Workflow

From TP3-STTCL
Jump to navigation Jump to search

Steps based on the metadata in JSON

Prepare keywords (done)

  1. Extract set of keywords ("keywords.csv")
  2. Add them to the Wikibase using Quick Statements
  3. Export keywords with QID and Label
  4. Match keywords and QIDs in the CSV file

Affiliations (done)

  1. Extract set of affilations (don't merge near identical strings!)
  2. Add affiliations to Wikibase
    1. Len = String
    2. Den = "An institution"
    3. Aen = String of label without "University", "of", "the", "The", "College", "at", double spaces
    4. P1 = Q14 (instance of institution)
    5. P20 = """exact string"""
  3. Export affiliations with QID, Label and P20 (for matching)

Authors (done)

  1. Extract set of authors, and identify first names, last names, additional name elements, affiliations, in CSV file ("authors.csv")
  2. Match affiliation QIDs and affiliation strings in the CSV file;
  3. Add authors with first names, last name, additional name elements, affiliation-QIDs
  4. Match author QIDs to author strings; this also gives us the author QIDs relevant to each article
  5. TODO: Apply manual fixes for authors who appear multiple times, sometimes with changing affilations

Add basic article information (done)

  1. Add articles with
    1. Len = title
    2. Den = "Article in STCCL"
    3. Aen = Article ID as String
    4. P1 = Q10 ("instance of" = Article)
  2. Verify that all articles are there: all 685 are there (or one missing because of double Solshenizin?)
  3. Export QIDs and Article IDs for further matching using query

Authors for articles (done)

  1. Based on a match between the QID of each article
  2. qid,P16

Add keywords to articles (done)

  1. Match keyword QID from Wikibase to keywords strings from JSON metadata
  2. P15 = Keywords (Items) – multiple statements per article, one for each keyword (varying numbers)

Some further article information (in progress)

  1. Build table with the following and import using QS
    1. P11 = Year (EDTF)
    2. P12 = DOI (URL)

Add abstracts to articles

  1. Use QID-ArticleID table to match articles in JSON using ID to Wikibase items via QID
  2. Add abstracts (PROBLEM: field limit stays at 400 chars!!)
    1. P2 = Abstract as String (more than 400 chars in 87% of the case!)

Optional: Further article information

  1. Build table with the following and import using QS
    1. P4 = HTML (URL)
    2. P5 = PDF (URL)
    3. P14 = Volume (String)
    4. P10 = Issue (P10)
    5. P9 = Number (String)
    6. P18 = Q1 (Journal = STTCL)

Some fixes

  1. Merge near-identical institution names? (see e.g.: Berkeley or Boulder)
  2. Fix keywords that could not be matched automatically, see links to: Item:Q8186
  3. Remove some items: Q7542 (Editor's note), Q8182 (Interview), Q7827 (poems?), Q7960, Q7961, Q7964, Q7965, Q7966, Q8067, Q8067, Q8105, Q8141
  4. Check some items with short abstracts, and remove as required: Q7707, Q7729, Q7828, Q7830, Q7833, Q7916, Q7999, Q8000, Q8001, Q8002, Q8003, Q8004, Q8005, Q8006, Q8007, Q8008
  5. Add 39 "special topic" articles as articles.
  6. Take care of missing affiliations / change to "independent scholar" as appropriate: https://tp3-sttcl.wikibase.cloud/wiki/Special:WhatLinksHere/Item:Q6732

Potential improvements

  1. Possibly: Improve keywords through corrections (e.g. "hisory", "198S") and merging (e.g. capitalization) – or keep as found?
  2. Add a "point in time" reference to institutional affilations based on publication data of relevant article(s) to better represent the record (e.g.
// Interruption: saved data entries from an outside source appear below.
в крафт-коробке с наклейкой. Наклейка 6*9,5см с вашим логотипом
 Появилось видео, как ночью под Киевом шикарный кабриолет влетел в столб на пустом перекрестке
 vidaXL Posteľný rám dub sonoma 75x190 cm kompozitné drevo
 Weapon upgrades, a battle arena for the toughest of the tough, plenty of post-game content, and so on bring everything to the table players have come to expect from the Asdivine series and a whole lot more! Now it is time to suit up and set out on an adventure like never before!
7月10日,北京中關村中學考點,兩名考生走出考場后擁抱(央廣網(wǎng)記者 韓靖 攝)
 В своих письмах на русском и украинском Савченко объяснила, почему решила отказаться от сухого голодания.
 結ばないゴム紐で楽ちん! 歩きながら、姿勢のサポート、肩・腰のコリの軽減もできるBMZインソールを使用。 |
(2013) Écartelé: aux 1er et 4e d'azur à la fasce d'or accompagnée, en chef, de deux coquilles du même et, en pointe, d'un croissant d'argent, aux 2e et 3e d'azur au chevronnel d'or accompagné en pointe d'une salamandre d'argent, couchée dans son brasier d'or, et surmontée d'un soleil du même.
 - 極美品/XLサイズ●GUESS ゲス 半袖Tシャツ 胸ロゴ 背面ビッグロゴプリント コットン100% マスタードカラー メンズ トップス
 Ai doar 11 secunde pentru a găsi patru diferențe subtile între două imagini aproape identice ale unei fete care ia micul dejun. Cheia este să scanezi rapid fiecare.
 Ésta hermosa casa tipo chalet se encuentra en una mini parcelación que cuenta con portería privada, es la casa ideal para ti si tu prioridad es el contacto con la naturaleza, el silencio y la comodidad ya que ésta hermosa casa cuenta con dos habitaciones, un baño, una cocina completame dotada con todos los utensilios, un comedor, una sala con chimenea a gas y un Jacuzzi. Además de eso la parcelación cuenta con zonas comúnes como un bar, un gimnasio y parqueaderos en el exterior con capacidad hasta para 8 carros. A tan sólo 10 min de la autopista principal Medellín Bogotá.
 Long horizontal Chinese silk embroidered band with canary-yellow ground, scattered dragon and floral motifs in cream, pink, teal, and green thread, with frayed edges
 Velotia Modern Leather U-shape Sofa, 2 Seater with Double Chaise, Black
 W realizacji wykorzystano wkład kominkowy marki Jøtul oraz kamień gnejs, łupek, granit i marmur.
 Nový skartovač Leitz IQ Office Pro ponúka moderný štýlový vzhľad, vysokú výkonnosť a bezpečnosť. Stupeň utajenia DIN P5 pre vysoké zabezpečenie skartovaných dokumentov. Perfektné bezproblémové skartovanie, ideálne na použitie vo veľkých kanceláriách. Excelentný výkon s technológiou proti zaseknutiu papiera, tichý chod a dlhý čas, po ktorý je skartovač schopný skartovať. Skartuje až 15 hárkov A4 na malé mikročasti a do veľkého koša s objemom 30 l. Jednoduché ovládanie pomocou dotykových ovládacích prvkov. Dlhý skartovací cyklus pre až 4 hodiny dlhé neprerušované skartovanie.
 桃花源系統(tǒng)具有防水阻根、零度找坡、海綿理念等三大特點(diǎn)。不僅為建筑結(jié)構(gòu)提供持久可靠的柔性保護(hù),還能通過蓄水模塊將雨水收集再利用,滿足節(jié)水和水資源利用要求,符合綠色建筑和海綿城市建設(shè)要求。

Avital Ronnell) or to disambiguate multiple affiliations for one author
  3. Match institutions to some identifier (ROR, Wikidata ID, etc.) and then pull city, country, world region, geocoordinates
  4. Match authors to some identifier (ORCiD, Wikidata, GND, etc.)
  5. Match keywords to some identifier (Wikidata, GND, Dewey, etc.)

Further steps

  1. Add category annotations using Cradle form
  2. Add generated categories
  3. Add generated topics?